A water drain pipe 42 is provided within the oxidant gas outlet manifold 40. The water drain pipe 42 is a thin pipe that is thinner than the oxidant gas outlet manifold 40 and its both ends are open. The water drain pipe 42 extends from the upstream end portion (i.e., the first end surface 20a side) of the oxidant gas outlet manifold 40 to the oxidant gas discharge port 40a. When the generated water accumulates at the upstream end portion of the oxidant gas outlet manifold 40, the generated water is discharged through the water drain pipe 42 to the oxidant gas discharge port 40a. In this manner, the water drain pipe 42 promotes the discharge of the generated water in the oxidant gas outlet manifold 40.

A water drain flow passage 32 is provided inside the end plate 26. The water drain flow passage 32 is thinner than the fuel gas outlet manifold 30 and the oxidant gas outlet manifold 40. The upstream end of the water drain flow passage 32 is connected to the upstream end portion of the fuel gas outlet manifold 30. The downstream end of the water drain flow passage 32 is connected to the oxidant gas discharge port 40a. An outlet 32a of the water drain flow passage 32 is disposed upstream of an outlet 42a of the water drain pipe 42 in the oxidant gas outlet manifold 40. The water drain flow passage 32 is provided with a valve 34. The valve 34 is controlled by a control circuit 36.

The control circuit 36 determines whether it is necessary to discharge the generated water through the water drain flow passage 32. For example, when the fuel cell module 10a is tilted as shown in FIG. 2 and the second end surface 20b is below the first end surface 20a due to tilting of the electrified vehicle etc., the generated water in the fuel gas outlet manifold 30 does not easily flow to the fuel gas discharge port 30a. When such a situation in which it is difficult to discharge the generated water from the fuel gas discharge port 30a occurs, the control circuit 36 determines that it is necessary to discharge the generated water through the water drain flow passage 32. When it is necessary to discharge the generated water through the water drain flow passage 32, the control circuit 36 determines whether the pressure in the fuel gas outlet manifold 30 is higher than the pressure in the oxidant gas outlet manifold 40. When the pressure in the fuel gas outlet manifold 30 is higher than the pressure in the oxidant gas outlet manifold 40, the control circuit 36 opens the valve 34. Accordingly, the generated water is discharged from the fuel gas outlet manifold 30 through the water drain flow passage 32 to the oxidant gas discharge port 40a.
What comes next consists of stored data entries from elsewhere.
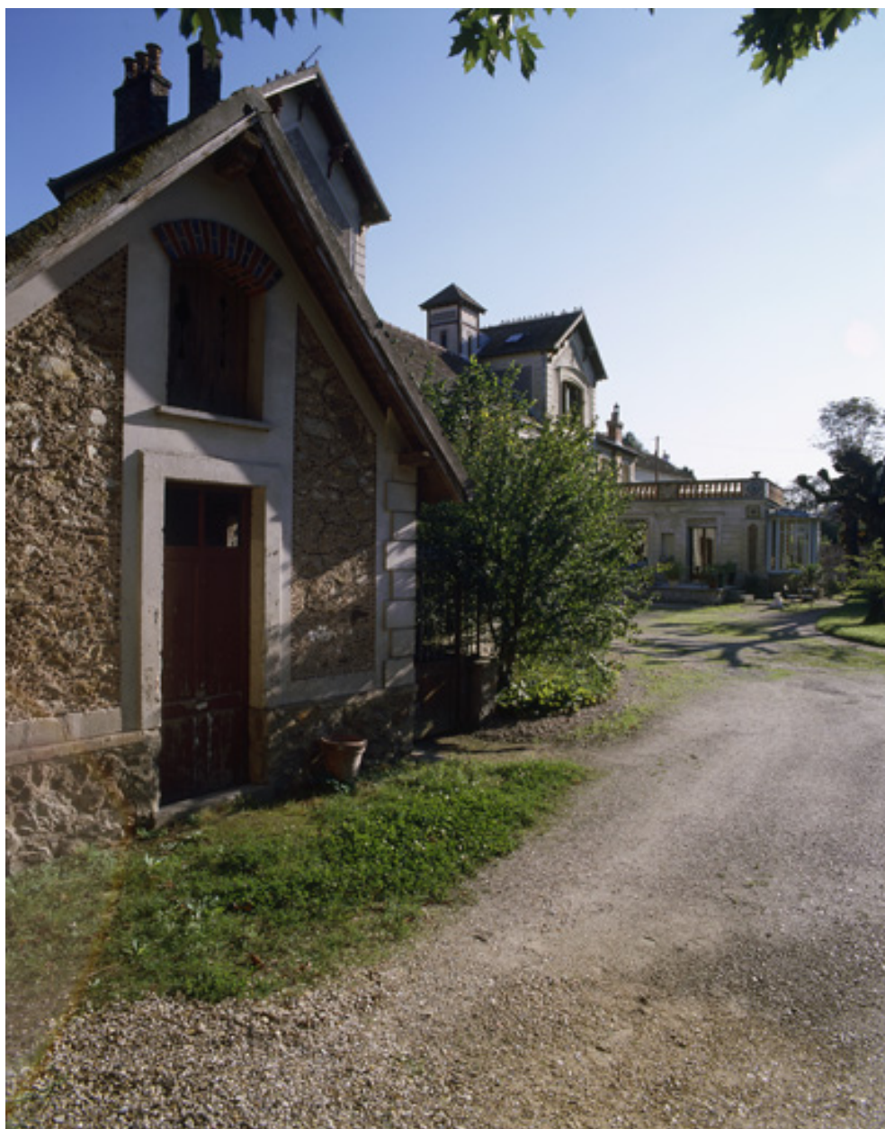
Vue perspective côté parc, à partir du portail d'entrée.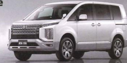
PHOTO: DELICA D:5 G-Power Package ボディカラー:ウォームホワイトパール/スターリングシルバーメタリック(有料色)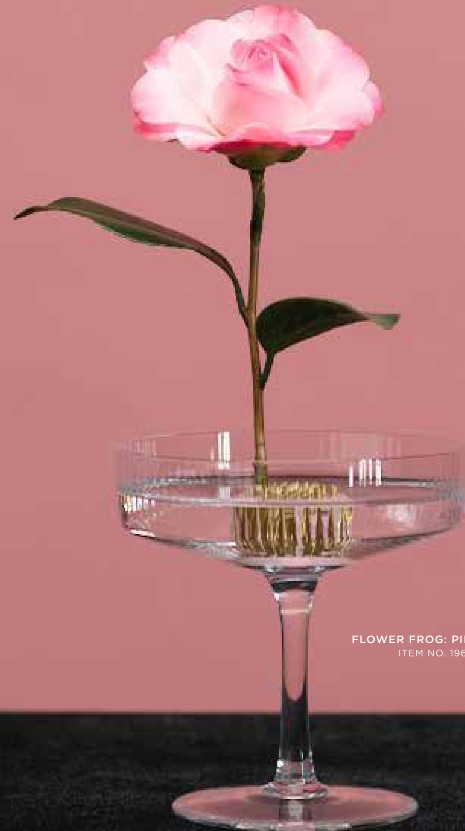
FLOWER FROG: PINK SMALL ITEM NO. 19632

SIZE: LARGE: Internal Ø: 3.15 INCHES/ 80mm MEDIUM Internal Ø: 1.97 INCHES/ 50mm SMALL Internal Ø: 1.34 INCHES/ 34mm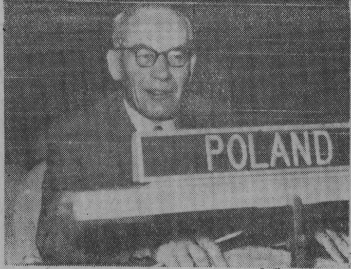
I sekretarz KC PZPR Władysław Gomułka na sali obrad podczas otwarcia XV sesji Zgromadzenia Ogólnego NZ.

RZYM (PAP) 21. 9. Liczba śmiertelnych ofiar straszliwej powodzi, jaka nawiedziła ostatnio Włochy, wzrosła do 50. Nad zalana szosa Via Aurelia, która została zamknięta przez liczne obawy ziemi, krąży stale helikoptery, w poszukiwaniu zaginionych podróżnych. W południowych Alpach zalanych zostało przeszło 300 miejscowości. Tysiące ludzi pozostało bez dachu nad głową. Jak dotychczas, nie nie zapowiada końca katastrofy. Ulewne deszcze i gwałtowne wiatry trwają nadal.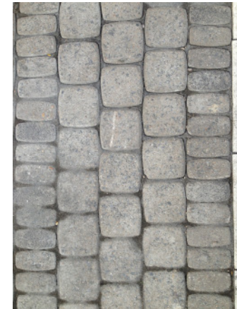
Betonsteinplatten 30/15/8 mit Natursteinvorsatz (oberflächengeflammt Granit) in Kombination mit Betonsteinpflaster 8/8/8, anthrazit, Verlegemuster analog nördlichem Bereich der Hohe Straße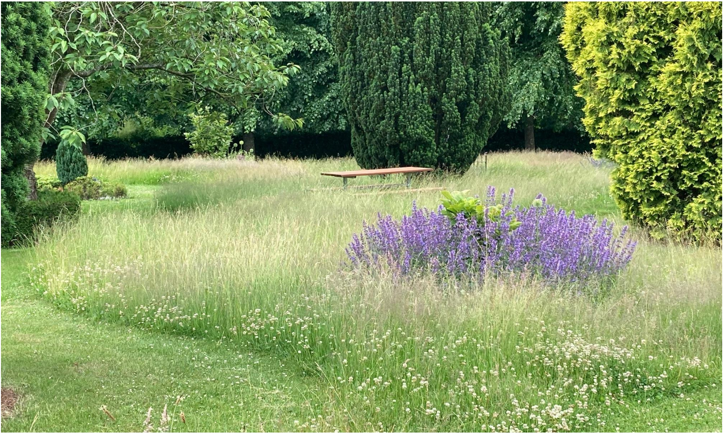
Parti fra Ribe Gamle Kirkegård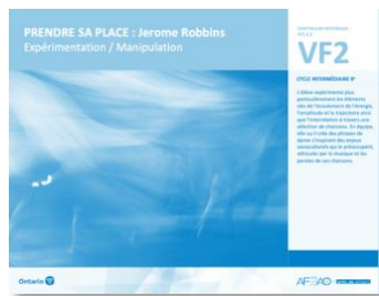
VF2 Expérimentation / Manipulation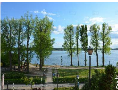
Villes à proximité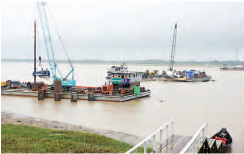
၅၂၀၃ ဒေသမ ၄ ပေ ( ၁၅၈၆ မီတာ) ရှိကြောင်း သိရသည်။

ယင်းနောက် နိုင်ငံတော်သမ္မတနှင့် အဖွဲ့ဝင်များသည် သံလွင်တံတား (ချောင်းဆုံ) စီမံကိန်းရှင်းလင်းဆောင်ရွက်ရာ ဆောက်လုပ်ရေးဝန်ကြီးဌာန ပြည်ထောင်စုဝန်ကြီး ဦးကျော်လွင်က နိုင်ငံတော်သမ္မတ၏ ၂၀၁၂ ခုနှစ် ဒီဇင်ဘာ ၁၅ ရက် မွန်ပြည်နယ် ခရီးစဉ်တွင် လမ်းညွှန်ချက်အရ ယခုတံတားစီမံကိန်းကို စတင်ဆောင်ရွက်ခဲ့ခြင်းဖြစ်ကြောင်း၊ လျာထားတံတားအကြောင်း ငါးကြောင်းအနက် ပတ်ဝန်းကျင်ထိခိုက်မှု အနည်းဆုံးနှင့် အတိုဆုံး၊ အထိရောက်ဆုံး တံတားအကြောင်းကို ရွေးချယ်ပြီး ၂၀၁၅ ခုနှစ် ဖေဖော်ဝါရီ ၈ ရက်တွင် တည်ဆောက်ရေးလုပ်ငန်းများ စတင်ခဲ့ကြောင်း၊ ၂၀၁၆ ခုနှစ် ဧပြီလတွင် သံပေါင်တပ်ဆင်ခြင်းလုပ်ငန်းများ

In this way, even when it is difficult to discharge the generated water from the fuel gas discharge port 30a, the generated water in the fuel gas outlet manifold 30 is able to be suitably discharged via the water drain flow passage 32. As described above, the outlet 32a of the water drain flow passage 32 is disposed upstream of the outlet 42a of the water drain pipe 42. This restrains the generated water discharged from the water drain pipe 42 from flowing backward to the water drain flow passage 32. Further, when the pressure in the fuel gas outlet manifold 30 is lower than the pressure in the oxidant gas outlet manifold 40, the control circuit 36 maintains the valve 34 in a closed state and does not discharge the generated water and the fuel gas through the water drain flow passage 32. This restrains the oxidant gas from flowing backward from the oxidant gas outlet manifold 40 through the water drain flow passage 32 to the fuel gas outlet manifold 30.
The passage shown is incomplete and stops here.